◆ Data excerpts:
◆ ◆ ◆ ◆

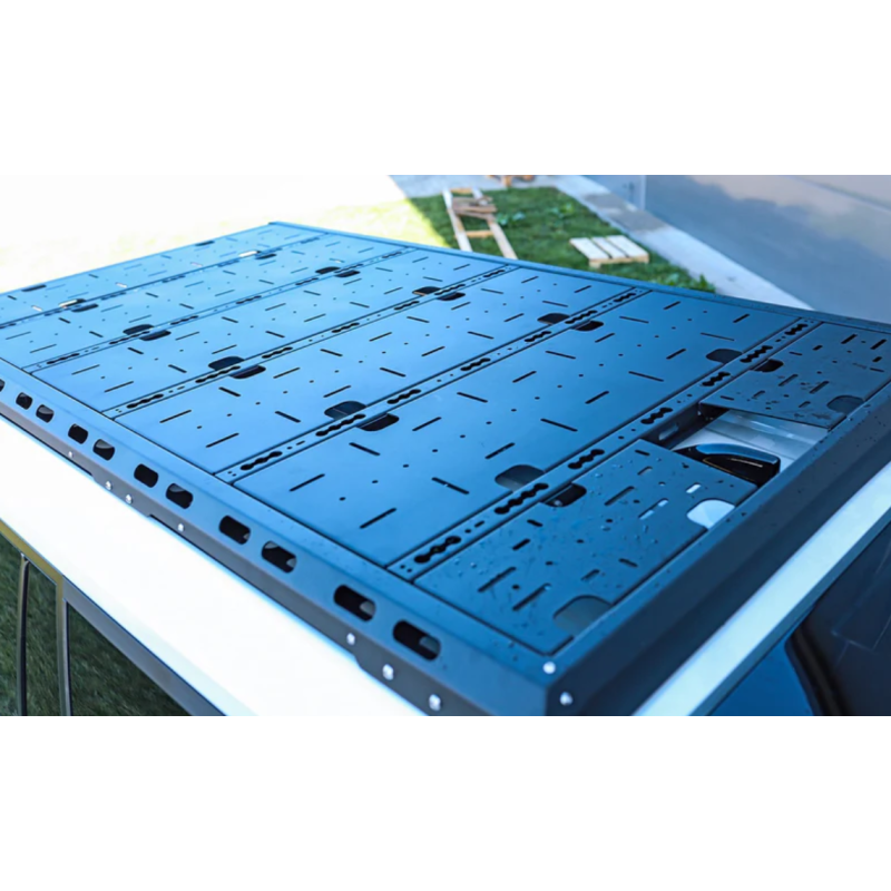 All mounting elements are included. Roof rack can be bundled with perforated aluminum panels, which can be mounted in the spaces between roof rack crossbars to create floor with a flat surface.
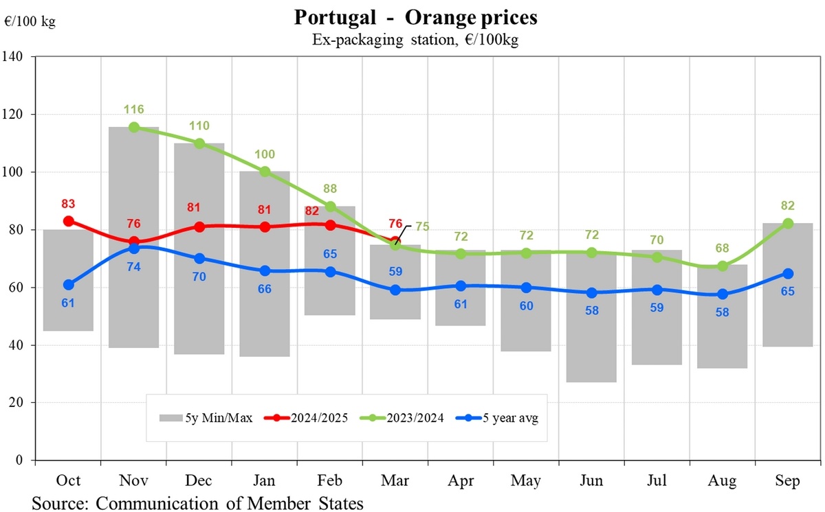 Les prix au Portugal sont restés stables mais inférieurs à ceux de l'Italie et de l'Espagne. En janvier, les prix étaient de 81 €/100 kg, augmentant légèrement à 82 € en février avant de chuter à 76 € en mars. Bien que ces prix soient supérieurs à la moyenne quinquennale, ils sont tombés en dessous des niveaux de 2023/2024 en mars. Les prix des oranges au Portugal semblent refléter un équilibre entre l'offre et la demande sans perturbations majeures, mais montrent des signes de fléchissement à mesure que la saison avance.
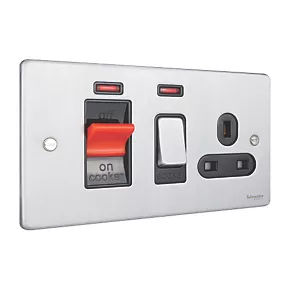Schneider Electric Ultimate Low Profile 45A 2-Gang DP Cooker Switch & 13A DP Switched Socket Brushed Chrome with Neon with Black Inserts
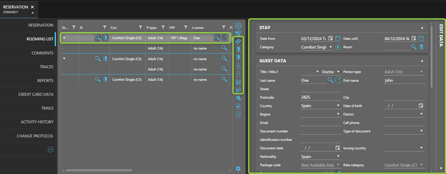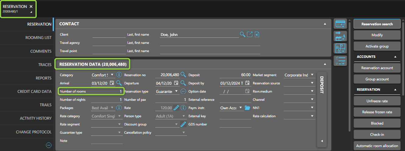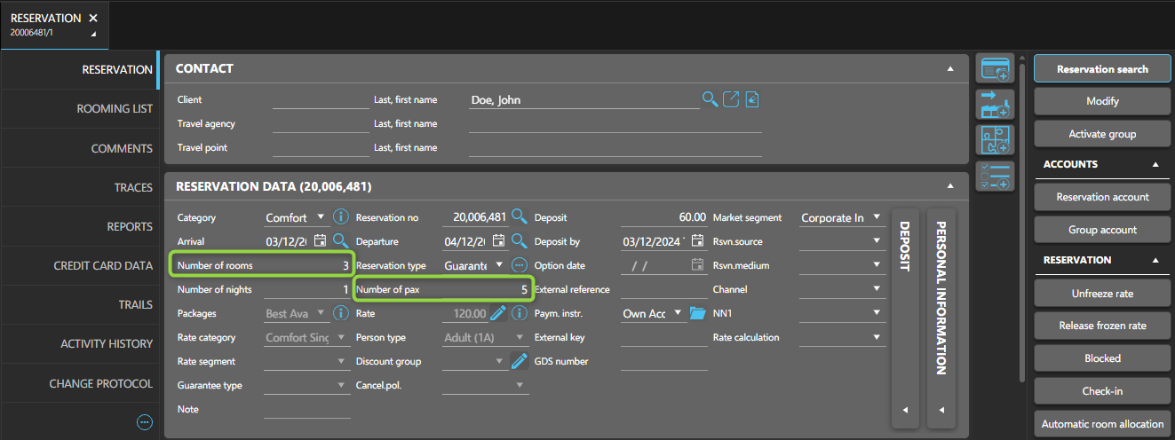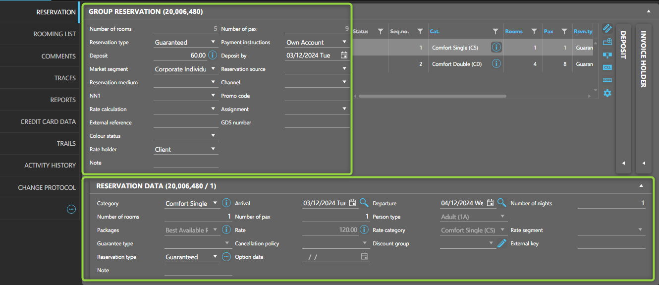 - Enter key details (e.g., stay dates, room category) in the main reservation data.
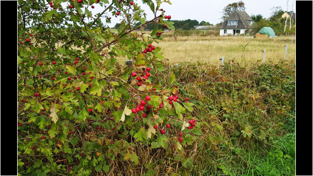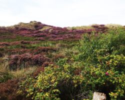 Wenn die Hagebutten reif sind, blüht auch die Heide
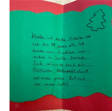 Već peti Božić za redom razmjenjujemo božićne čestitke s drugim školama. Učenici u sklopu nastave njemačkog jezika pišu čestitke u kojima se predstavljaju. Zatim slijedi nestrpljivo iščekivanje povratne pošte, a pokoje čestitke stignu i tek nakon zimskih praznika. No, to nije šteta, jer nam zakašnjela pošta produljuje duh Božića i zajedništva. Sudionici projekta ove godine bili su: OŠ Žitnjak i OŠ Alojzija Stepinca, Zagreb, OŠ Bistra, Donja Bistra, OŠ Sveta Nedelja i OŠ Vladimira Deščaka, Sv. Nedelja, OŠ I. B. Mažuranić, Prigorje Brdovečko, OŠ Luka, Luka, OŠ Ante Kovačića, Marija Gorica, OŠ Antuna Augustinčića, Zaprešić, OŠ Slavka Kolara, Kravarsko, te SŠ Konjščina i Gimnazija Velika Gorica.
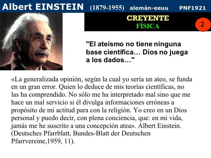 Para Albert Eisntein: "La Religión sin la Ciencia estaría ciega , la Ciencia sin la Religión estaría coja también "; “Hay dos maneras de vivir una vida: La primera es pensar que nada es un milagro. La segunda es pensar que todo es un milagro. De lo que estoy seguro es que Dios existe”; “Mientras más estudio la materia más creo en la existencia de Dios”.
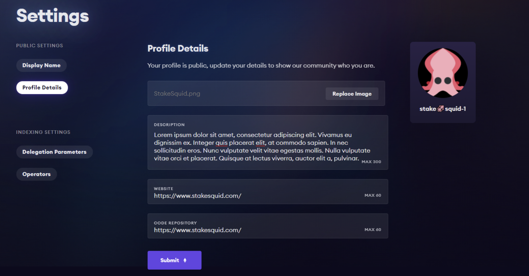 Within your user profile, you’ll be able to manage your personal profile details (like setting up an ENS name). If you’re an Indexer, you have even more access to settings at your fingertips. In your user profile, you’ll be able to set up your delegation parameters and operators.
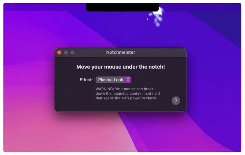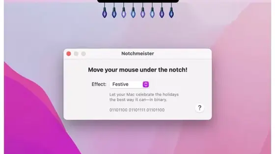 The Iconfactory выпустила приложение под названием Notchmeister, которое позволяет добавить различные эффекты к вырезу. Точнее говоря, бесплатное приложение предлагает несколько эффектов, которые можно применить к области экрана вокруг выемки, в том числе праздничные огоньки, свисающие с «чёлки», всплывающий экран радара и эффект свечения, отслеживающий ваш указатель мыши.
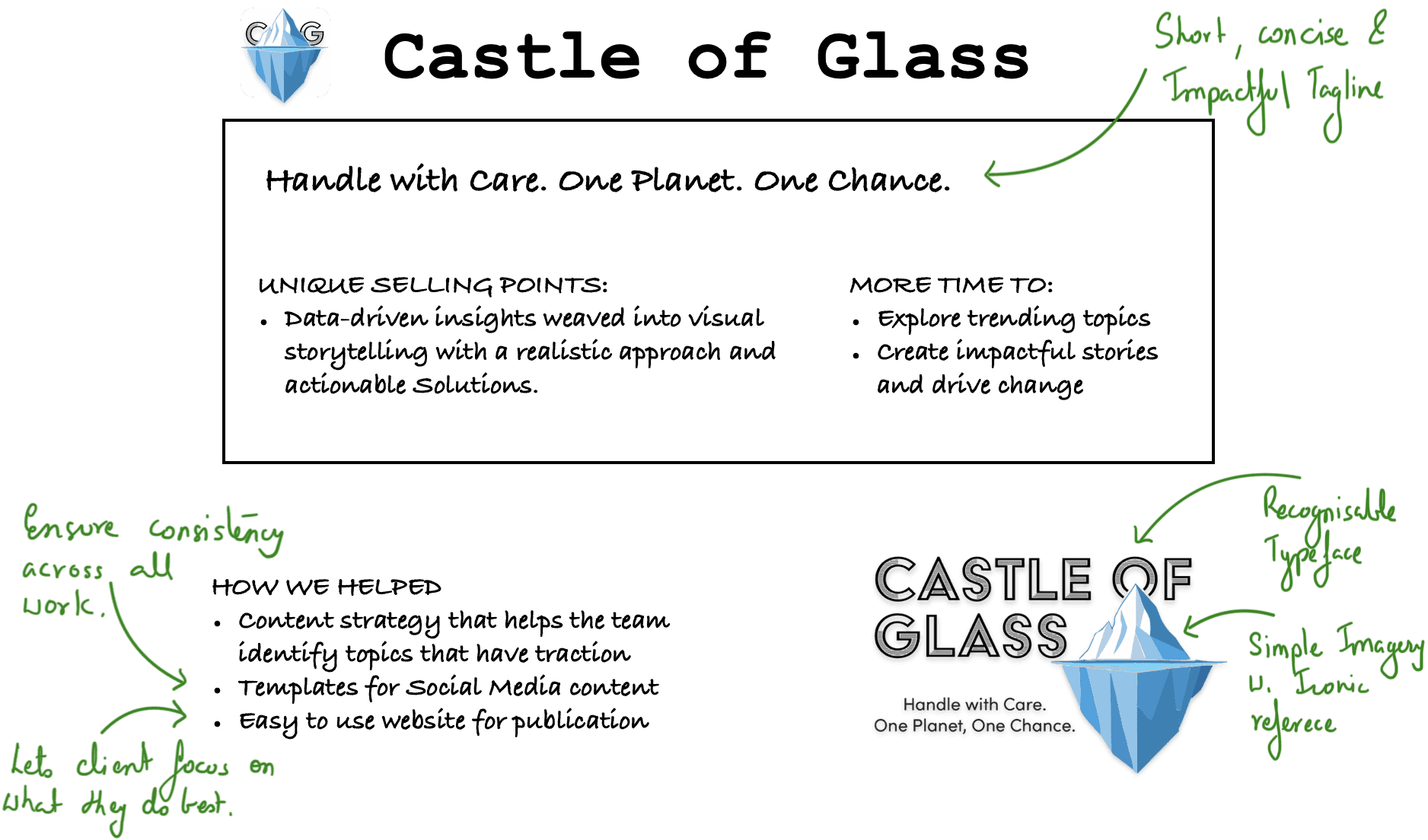 "Handle with Care. One Planet. One Chance." distills complex climate urgency into a memorable call to action. This tagline works across all touchpoints while leaving room for the brand to evolve.
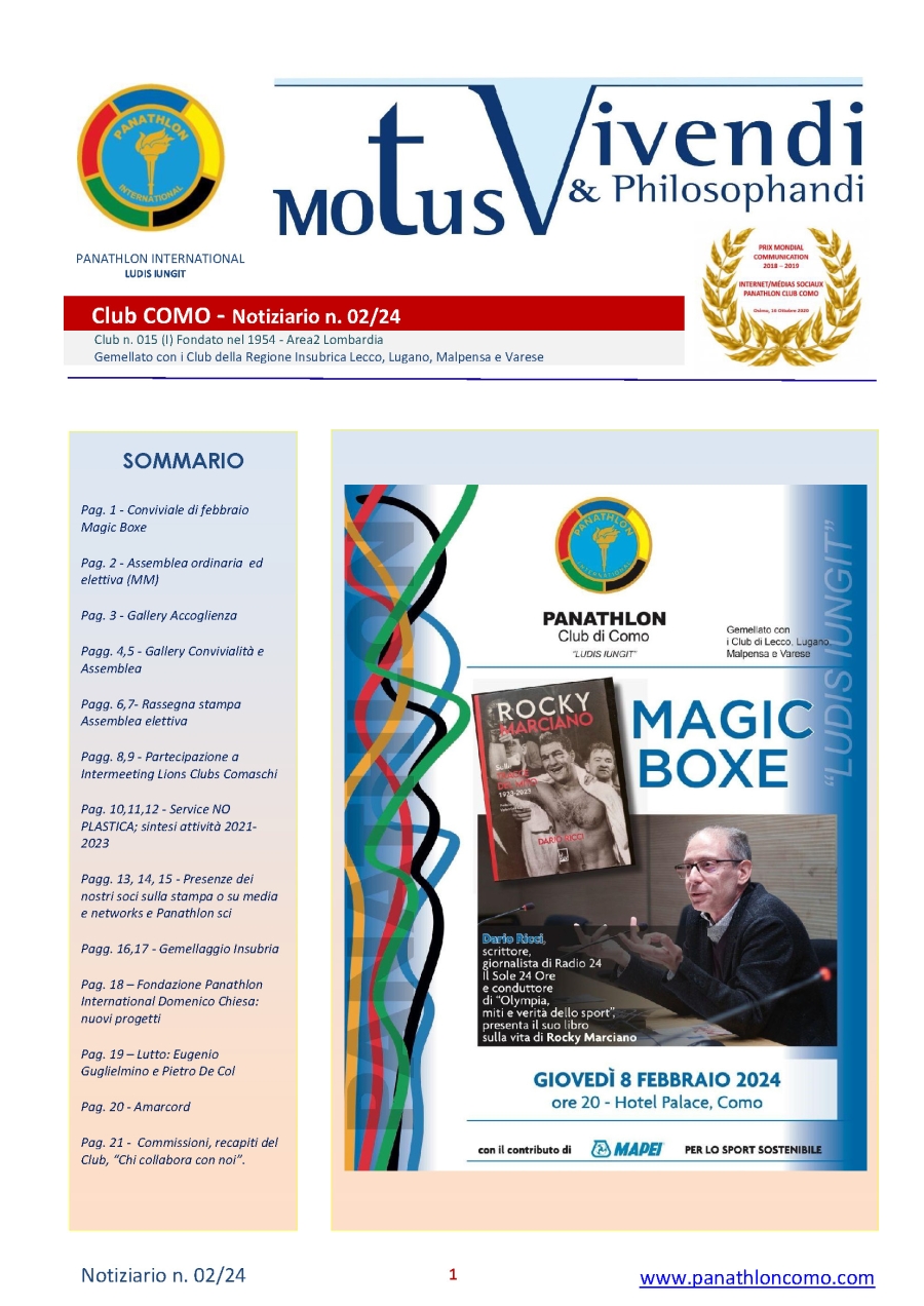 Panathlon International Club Como - Motus Vivendi & Philosophandi 02-24
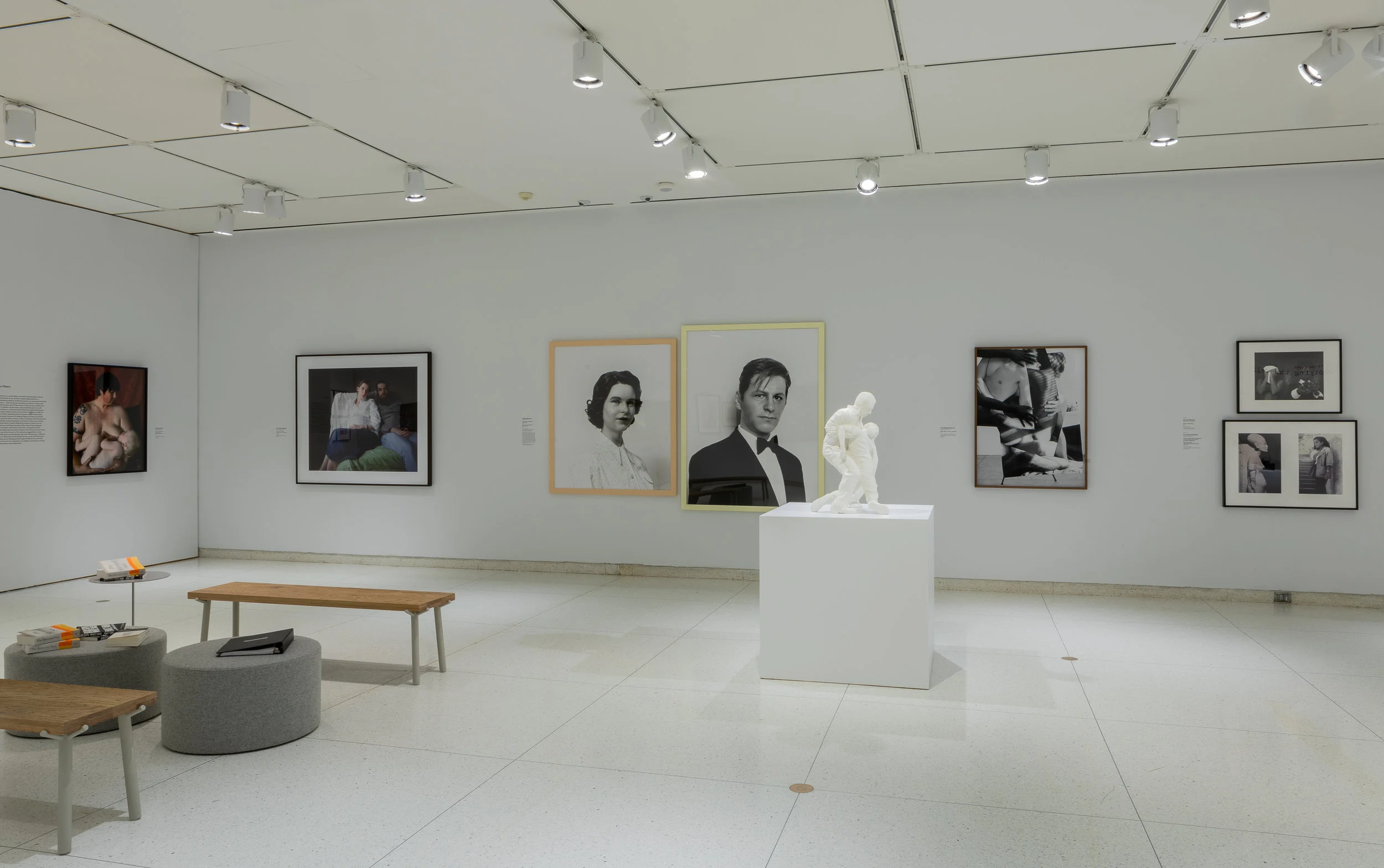 Fittingly, the Common Core is also quite literally at the center of the exhibition. A reading station with a selection of texts by authors including Sigmund Freud, Simone de Beauvoir, Michel Foucault, Judith Butler, and Kwame Anthony Appiah—all drawn from the “Self, Culture, and Society” syllabi—sits in the middle of the gallery. Here, viewers can become students, and perhaps form their own connections to both the ideas on the page and those on the walls.

◆ ◆ ◆ ◆

From the first line of the entries above down to the line holding "Wenn die Hagebutten", quote each line exactly and nothing else, skipping pictures.

◆ Completed exercise:
 All mounting elements are included. Roof rack can be bundled with perforated aluminum panels, which can be mounted in the spaces between roof rack crossbars to create floor with a flat surface.
 Les prix au Portugal sont restés stables mais inférieurs à ceux de l'Italie et de l'Espagne. En janvier, les prix étaient de 81 €/100 kg, augmentant légèrement à 82 € en février avant de chuter à 76 € en mars. Bien que ces prix soient supérieurs à la moyenne quinquennale, ils sont tombés en dessous des niveaux de 2023/2024 en mars. Les prix des oranges au Portugal semblent refléter un équilibre entre l'offre et la demande sans perturbations majeures, mais montrent des signes de fléchissement à mesure que la saison avance.
Schneider Electric Ultimate Low Profile 45A 2-Gang DP Cooker Switch & 13A DP Switched Socket Brushed Chrome with Neon with Black Inserts
 - Enter key details (e.g., stay dates, room category) in the main reservation data.
 Wenn die Hagebutten reif sind, blüht auch die Heide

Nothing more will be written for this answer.